======== Data shown

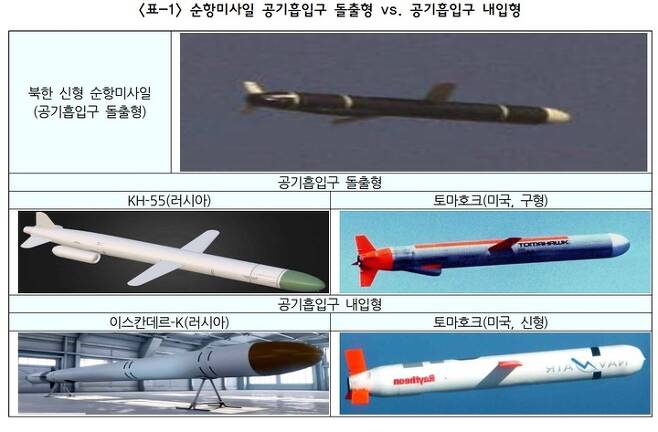 북한이 이번에 발사한 순항미사일은 개발 중인 ‘신형’인 것으로 알려졌다. 지난해 10월 국방전람회 때 두 종류의 신형 순항미사일을 공개한 바 있다. 신종우 한국국방안보포럼(KODEF) 전문연구위원은 “북한이 현재 개발하고 있는 순항 미사일이 두 가지”라며 “종류별로나 동일한 것을 조건을 달리해 각각 쐈을 수도 있다”고 예상했다.
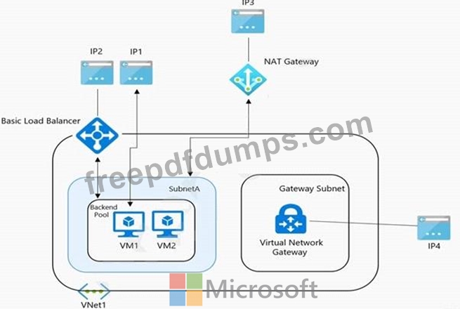 VNet1 has a virtual network gateway that has a public IP address named IP4.
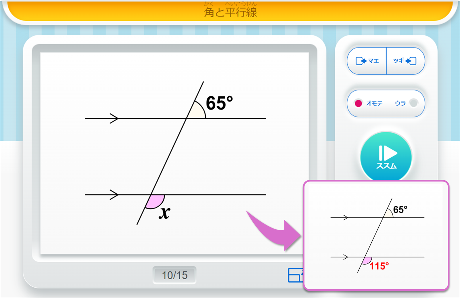 苦手な教材は学年や単元を越えて振り返ったり、得意な教材は問題の難易度を上げてさらに発展的な問題が出題されたりと、子どもたちが繰り返し最後まで学習しようという意欲をもって取り組めます。

================

Only the text of the listing should be returned, exactly and in full; no image goes into the copy.

 북한이 이번에 발사한 순항미사일은 개발 중인 ‘신형’인 것으로 알려졌다. 지난해 10월 국방전람회 때 두 종류의 신형 순항미사일을 공개한 바 있다. 신종우 한국국방안보포럼(KODEF) 전문연구위원은 “북한이 현재 개발하고 있는 순항 미사일이 두 가지”라며 “종류별로나 동일한 것을 조건을 달리해 각각 쐈을 수도 있다”고 예상했다.
 VNet1 has a virtual network gateway that has a public IP address named IP4.
 苦手な教材は学年や単元を越えて振り返ったり、得意な教材は問題の難易度を上げてさらに発展的な問題が出題されたりと、子どもたちが繰り返し最後まで学習しようという意欲をもって取り組めます。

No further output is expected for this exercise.